The acknowledgements were compiled using the Astronomy Acknowledgement Generator. Some of the results in this paper have been derived using the healpy and HEALPix packages (Górski et al. Reference Górski2005). This research made use of: NASA’s Astrophysics Data System; spectralcube, a library for astronomical spectral data cubes; Astropy, a community-developed core Python package for Astronomy (Astropy Collaboration et al. Reference Astropy Collaboration2018, Reference Alger2013); SciPy (Virtanen et al. Reference Virtanen2020); ds9, a tool for data visualisation supported by the Chandra X-ray Science Center (CXC) and the High Energy Astrophysics Science Archive Center (HEASARC) with support from the JWST Mission office at the Space Telescope Science Institute for 3D visualisation; NumPy (Harris et al. Reference Harris2020); matplotlib, a Python library for publication-quality graphics (Hunter Reference Hunter2007). This work made use of the IPython package (Perez & Granger Reference Perez and Granger2007); (pandas McKinney Reference McKinney2010, Reference McKinney2011); TOPCAT, an interactive graphical viewer and editor for tabular data (Taylor Reference Taylor, Shopbell, Britton and Ebert2005)

C.F. acknowledges funding provided by the Australian Research Council (Future Fellowship FT180100495 and Discovery Projects DP230102280), and the Australia-Germany Joint Research Cooperation Scheme (UA-DAAD). C.F. further acknowledges high-performance computing resources provided by the Leibniz Rechenzentrum and the Gauss Centre for Supercomputing (grants pr32lo, pr48pi and GCS Large-scale project 10391), the Australian National Computational Infrastructure (grant ek9) and the Pawsey Supercomputing Centre (project pawsey0810) in the framework of the National Computational Merit Allocation Scheme and the ANU Merit Allocation Scheme. CLH acknowledges funding from the Leverhulme Trust through an Early Career Research Fellowship. NM-G is the recipient of an Australian Research Council Australian Laureate Fellowship (project number FL210100039) funded by the Australian Government. MH acknowledges funding from the European Research Council (ERC) under the European Union’s Horizon 2020 research and innovation programme (grant agreement No 772663). This work has been supported by funding from the Australian Research Council, the Natural Sciences and Engineering Research Council of Canada, the Canada Research Chairs Program, and the Canada Foundation for Innovation.

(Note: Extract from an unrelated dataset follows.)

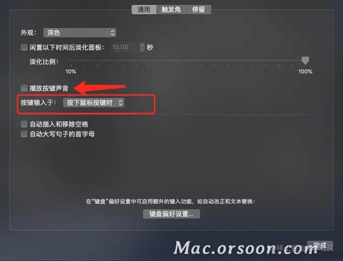6.单击复选框以在使用“辅助功能键盘”时启用键盘声音,单击下拉菜单以设置何时键盘上的键应注册为“已按下”。
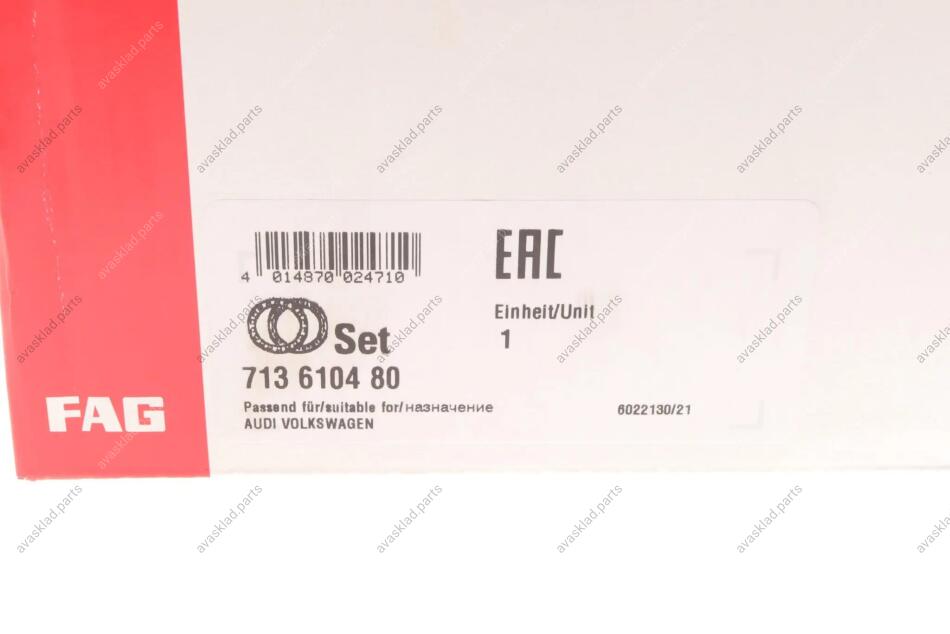 Підшипник маточини (комплект) FAG 713 6104 80

SPO acknowledges support from the Comunidad de Madrid Atracción de Talento program via grant 2022-T1/TIC-23797.

Data availability

The data that support the findings of this study are openly available in the CSIRO ASKAP Science Data Archive and the CSIRO Data Access Portal at https://doi.org/10.25919/w37t-nw98 and https://data.csiro.au/collection/csiro:58409. All software is publicly available on GitHub, with the primary processing software at https://github.com/AlecThomson/ arrakis and supplementary scripts at https://github.com/AlecThomson/spica.

Appendix A. Widefield leakage

Here we detail our determination and evaluation of widefield leakage using field sources. We compute the position of a source within a beam in the instrument frame as:

\begin{align*} \ell = \rho \sin(\theta),\\ m = \rho \cos(\theta),\end{align*}

where $\rho$ is the offset from a given beam centre, and $\theta$ is the position angle. We then follow the procedure outlined in Section 3.1.2; namely, spectra extraction, flagging, and model-fitting. We test several model-fitting routines, but we find that simple least-squares is the most robust as a function of frequency. In practice we see other routines, such as variance-weighted least squares or Markov-chain-Monte-Carlo, are more easily biased by true polarised sources. In future work, we hope to provide a more robust rejection of such sources from our fitting, which will allow us to take advantage of different fitting routines.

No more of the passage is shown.